• **Exercise brief**
Include the line containing "Porta Legna a" and all lines before it, repeated exactly from the listing below, without pictures.

• **Given records**
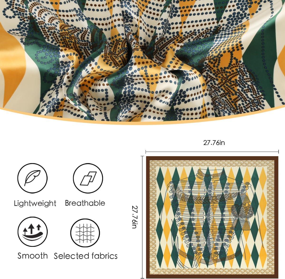 EXTREE Fashion Silky Satin Headscarf for Women Girls: Exquisite Pattern Lightweight Silk Graceful Scarfs 27.5 x 27.5 inches(Diamond Brown Edge)
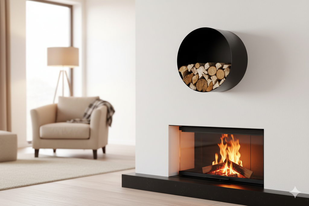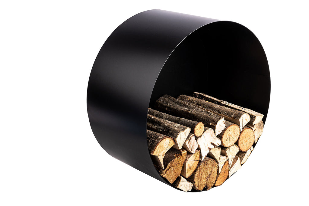Porta Legna a Muro Ø55x30 cm in Ferro Verniciato Grigio Martellato - La Ferrotecnica
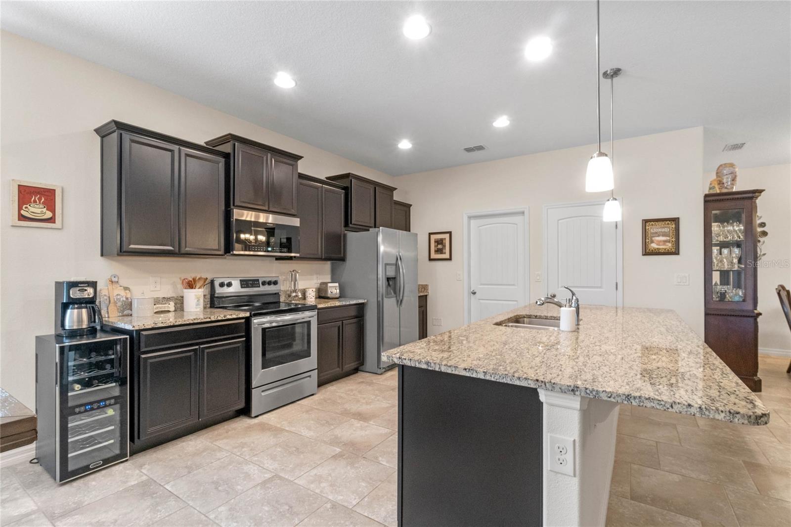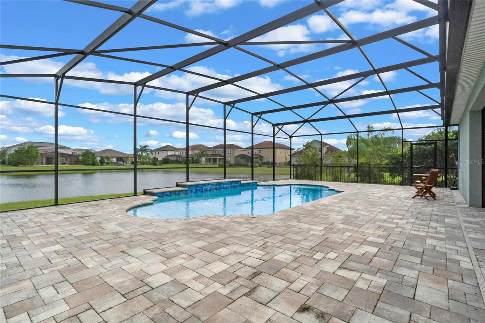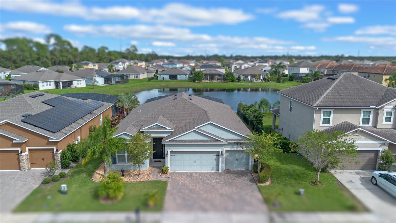 Welcome to 226 Brunswick Drive, a stunning 4-bedroom, 3-bathroom home in the heart of Davenport, Florida, offering luxury living in a serene water lot setting with no rear neighbors. As you approach, you'll appreciate the spacious 3-car garage, providing ample parking and storage. Upon entering, the open floorplan immediately invites you in, with an expansive layout perfect for both relaxation and entertainment. The gourmet kitchen, featuring a massive center island, becomes the hub for gatherings, making it ideal for hosting friends and family. The split floorplan ensures maximum privacy, with bedrooms thoughtfully placed to create functional spaces for everyone. The living areas are adorned with sleek tile flooring, offering a modern and cohesive look throughout. Each of the four bedrooms is generously sized, providing plenty of room to unwind. The master suite serves as a personal retreat, with its own private access to the pool area. The en-suite bathroom boasts a relaxing garden tub, double sinks, and plenty of counter space, offering a spa-like experience. Step outside to discover the highlight of this home—an enclosed extended patio with a gorgeous saltwater pool, perfect for cooling off on hot Florida days. The entire backyard is fully enclosed, offering privacy and the ideal space for outdoor dining or lounging, with tranquil water views as your backdrop. With no rear neighbors, this peaceful oasis becomes your own private paradise. This home combines the best of indoor and outdoor living, making it a must-see for anyone seeking a blend of comfort, style, and seclusion in the heart of Davenport. This home is situated Providence which is award winning. The community hosts many events from food truck nights, to bingo nights! There are two pools, one Jr Olympic, the other a zero entry with slides, gorgeous fitness center, dog park, playground, sidewalks throughout, and the neighborhood is golf cart friendly. It is also 24 hour guard gated and there is a beautiful golf course winding throughout. The community also has the Blue Heron restaurant and bar that has views of the course! Great place to live and play!
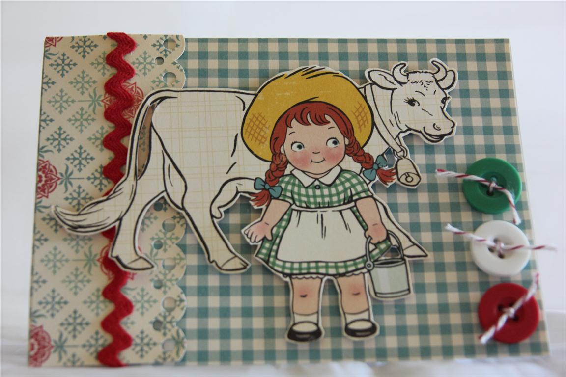 Number 5 in my October afternoon farm Girl series, and for this one I used a lovely gingham patterned paper to cover my card blank,and a strip of paper on the side, punched with a martha stewart punch, and highlighted with a little ric rac. three lovly buttons threaded with bakers twine down the opposite side, and I fussy cut the farm girl from another piece of the patterned paper.Thats the last of the animal images, tomorrow we move on to what else you can do with this wonderful collection.I taught a class this morning with my lovely ladies, and had a terrific time with them, as always. I came home full of ideas for my March classes, so have been creating in the craft room, and will head back there now while I am in the Zone! Til tomorrow….
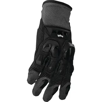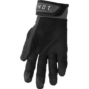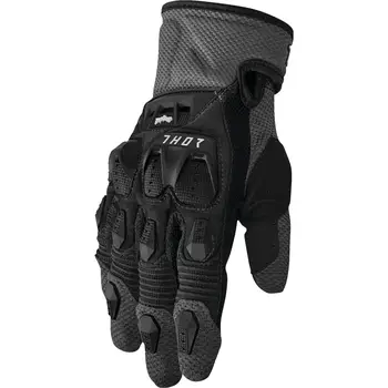 Mănușile Enduro - Cross THOR TERRAIN · Negru / Gri sunt construite pentru control bun pe ghidon și ventilație constantă în utilizare off-road. Materialele respirabile și inserțiile de protecție TPR oferă echilibru între confort și siguranță funcțională. Manșeta reglabilă asigură fixare sigură pe mână în teren variat.
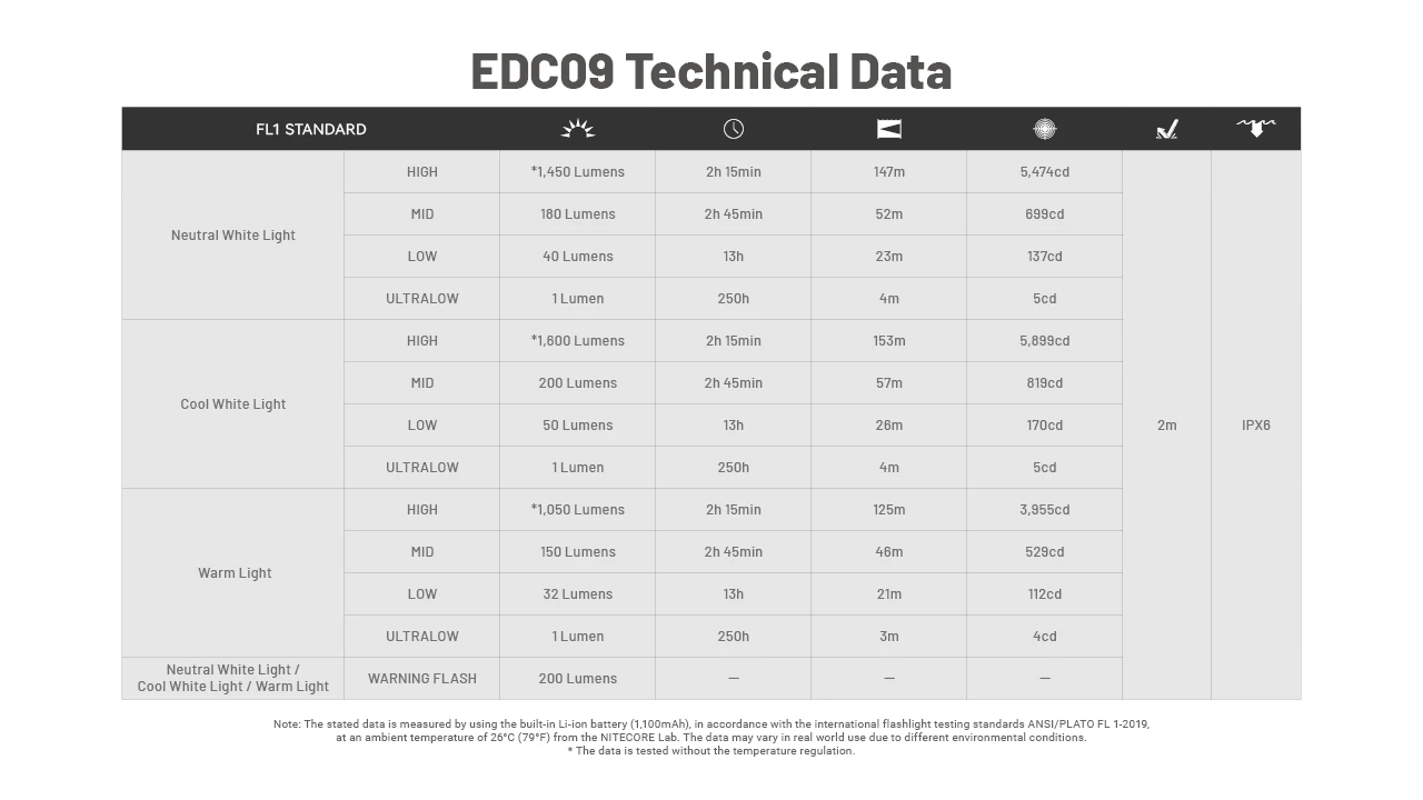 手电筒的防护等级为 IPX6,长度略超过 10 厘米,重量为 114 克(含电池)。电池不可更换,通过 USB-C 接口充电,可以边充电边使用手电筒。无论灯光颜色如何,电池寿命在最亮模式下为 2 小时 15 分钟,在最暗模式下为 250 小时。不过,射程和亮度会受到灯光颜色的影响。有关数据可参见制造商提供的下表。

• **Answer to this task**
 EXTREE Fashion Silky Satin Headscarf for Women Girls: Exquisite Pattern Lightweight Silk Graceful Scarfs 27.5 x 27.5 inches(Diamond Brown Edge)
Porta Legna a Muro Ø55x30 cm in Ferro Verniciato Grigio Martellato - La Ferrotecnica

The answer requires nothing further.